_Required work_:
In the data below, the copy begins at the line containing "Ozdobna torebka prezentowa" and runs through the last line; repeat those lines exactly, minus the pictures.

(Items from a dataset)
++++

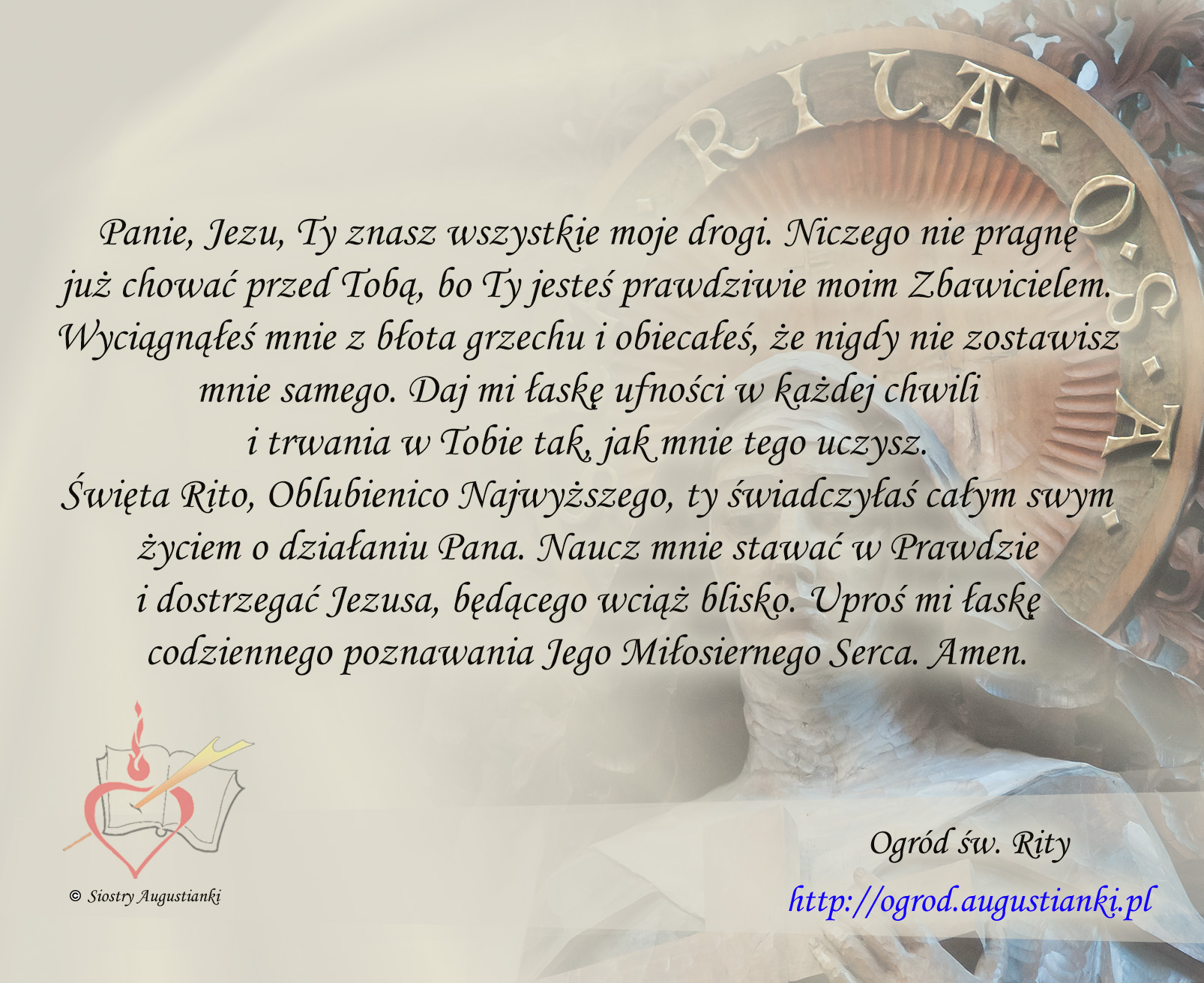 Św Rito dziękuję za otrzymane łaski i proszę o dar mądrości i wiary dla moich dzieci ocal od nałogów miej w opiece pomóż w mądrych wyborach życiowych i trwania przy Bogu
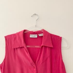 Jaclyn Smith Classic Hot Pink Sleeveless Collared Blouse Silk Medium
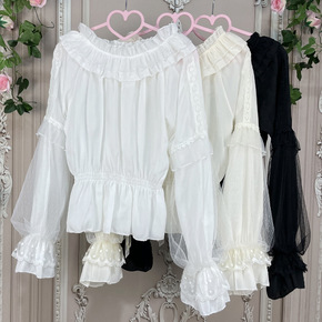 蕾丝网纱一字肩喇叭袖洛丽塔Lolita内搭洋装内衬...
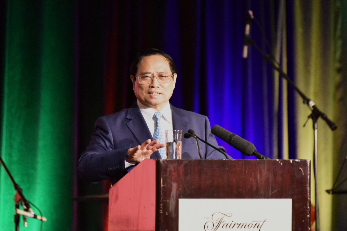 Bày tỏ vui mừng được gặp lại cộng đồng người Việt Nam tại San Francisco và các vùng lân cận sau hơn 1 năm 4 tháng, Thủ tướng Chính phủ Phạm Minh Chính gửi lời thăm hỏi của Tổng Bí thư Nguyễn Phú Trọng và các đồng chí lãnh đạo Đảng, Nhà nước Việt Nam tới kiều bào.
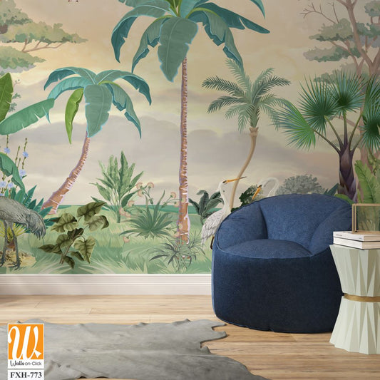 Tropical jungle wallpaper illustrations. Mural Banana tree and flamingo tropical plants for digital wallpaper. Exotic jungle wallpaper. [WP-FXH-713]
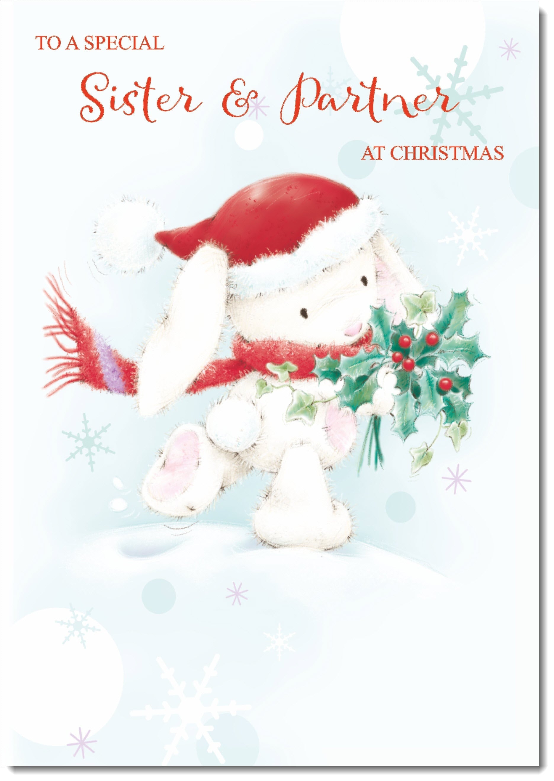 Sister & Partner Christmas Card Cute Rabbit with Holly
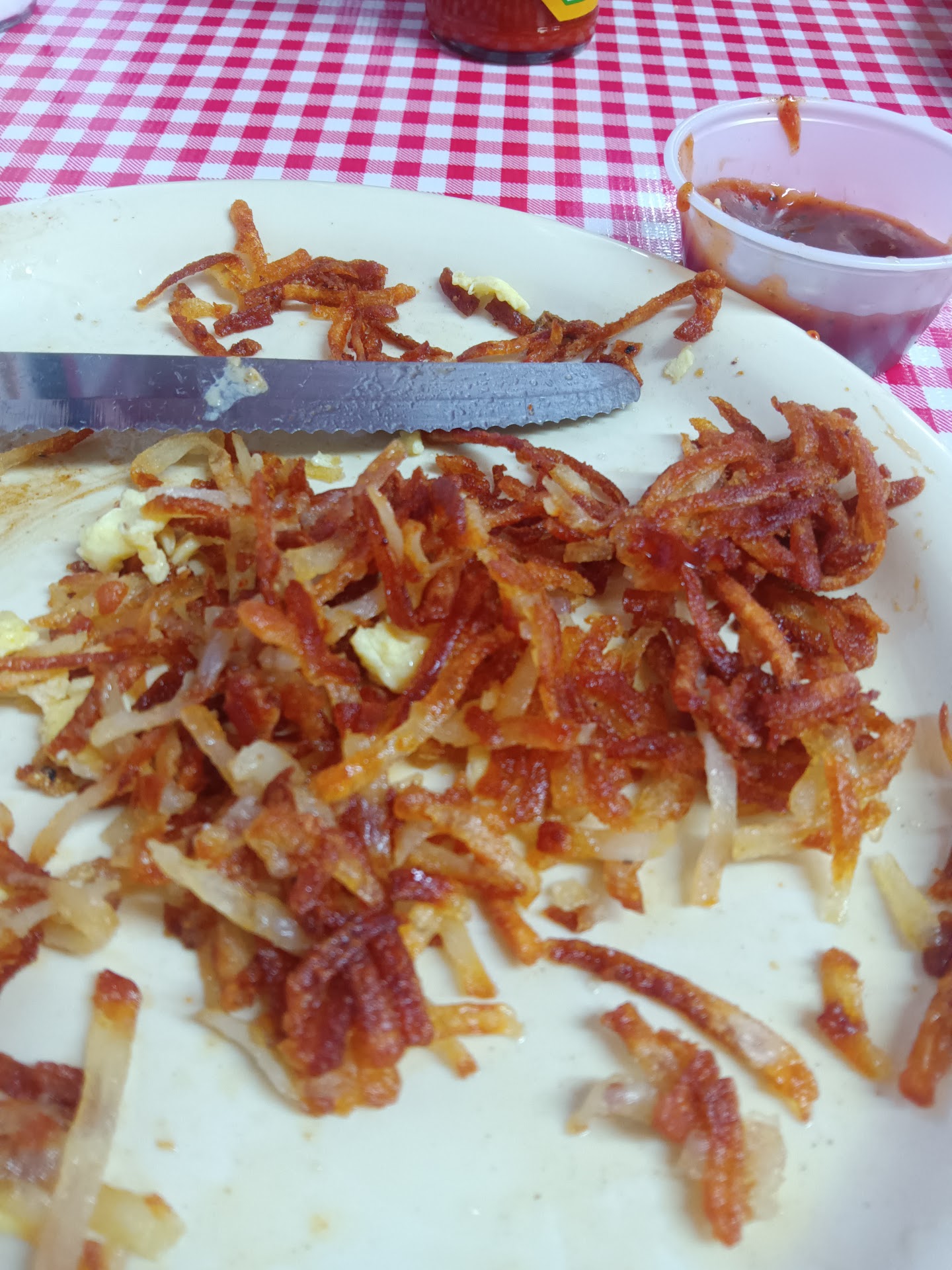 So me and my cousin walked in the entrance and the dining area was kind of empty and saw the booth on the left side was open. There were a few people on the right side booth. I asked the girl at the front counter with the cast on her injured leg if we can sit on the LEFT booth side where I pointed since it was open...she said no and pointed to the right side booth. We said ok no problem... A few minutes after sitting down an older couple came in and they were seated left side of the booth where we wanted to sit.......😳 Right off the bat I thought that was a slap on my face. Like how come she didn't accommodate our request???? It wasn't like it was busy. If it wasn't open then ok, but no one was there when we came in.... Now for the food. My cousin ordered a catfish special with two sides (Mac n cheese and fried okra) and I had the small breakfast plate with escgrige sausage, egg, crispy has brown, and a pancake....... I'll get to the point. The food was below Mid!!!!!! The catfish was nothing special and the breading was like a brick, Mac and cheese was bland and dry, not even hot or warm, and the okra was just...again nothing special. My food was the same... I got scrambled egg and......you can't do anything about that, I ordered my hash brown crispy and it came out overcooked xxxxx crispy to death (see pic). I couldn't finish it. The sausage I got was so so or below mid. The pancake was actually ok and it was a great size.... Now my waiter, she was training a new girl with her. We ask the waiter what kind of catfish it was, is it swai???? She wasn't able to give me an answer and just said it was a real catfish with a confused expression! Another thing that also grinds my gear was when my cousin told me he had been here before and the bearded guy was his server then. The bearded guy had asked my cousin if he wanted any toppings on his pancake..... See I didn't know I had that option to put toppings like blueberry or pecan on my pancakes which the server failed to do so. She did not elaborate or even asked me about that and she was training another server with her too!!!!! Like yo, you just failed as a trainer... The new server is set up for failure.... So I had already got the pancake and it was just regular but if she would have explained or offered me toppings, I would have gotten some toppings on my pancakes...😧😧🤦♂️🤦♂️... I usually give good tips like 20% or more. I only gave 11% because of what I just explained (I probably should have given Zero tips based on the experience and service).......To the owner or general manager of the restaurant, if you are reading this, please retrain your front counter girl and teach her how to accommodate customers if it's feasible, and please replace your trainer for servers because my server as I explained already does not know how to educate customer or even elaborate on certain menu items..... My experience here was miserable from the moment we walked in. My cousin had suggested this place since I never been and I CAN 100% GUARANTEE WILL NEVER COME BACK AND I DO NOT RECOMMEND THIS PLACE.....I REPEAT, I DO NOT RECOMMEND THIS...
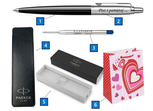 Ozdobna torebka prezentowa do każdego zamówionego Parkera.
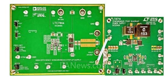 图6所示为转换器实物照片,它由两个焊接在一起的ADI演示电路组成:分别是DC2846A 升压转换器演示电路和DC2240A 4象限转换器演示电路。
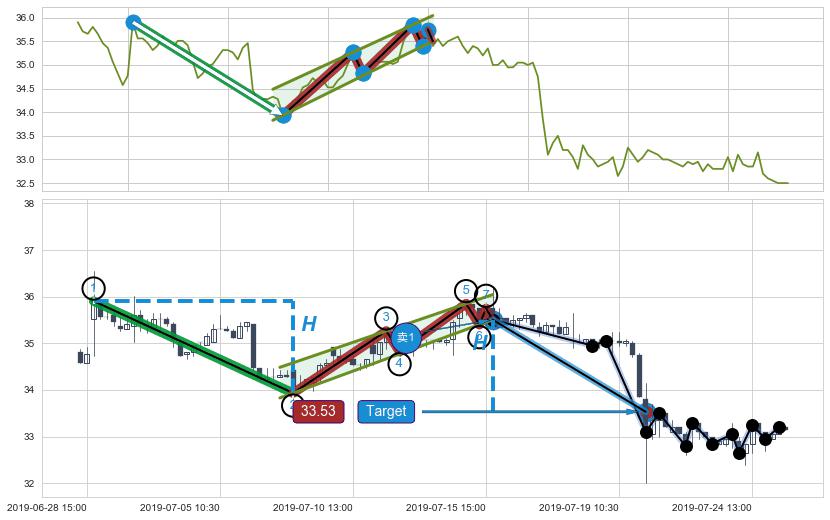 从2019-07-22 15:00至2019-07-31 15:00,共包含43个小时,阶段股价下跌-0.85%,阶段股价变动位移路程比: 1 : 20

++++

_Answer section_:
 Ozdobna torebka prezentowa do każdego zamówionego Parkera.
 图6所示为转换器实物照片,它由两个焊接在一起的ADI演示电路组成:分别是DC2846A 升压转换器演示电路和DC2240A 4象限转换器演示电路。
 从2019-07-22 15:00至2019-07-31 15:00,共包含43个小时,阶段股价下跌-0.85%,阶段股价变动位移路程比: 1 : 20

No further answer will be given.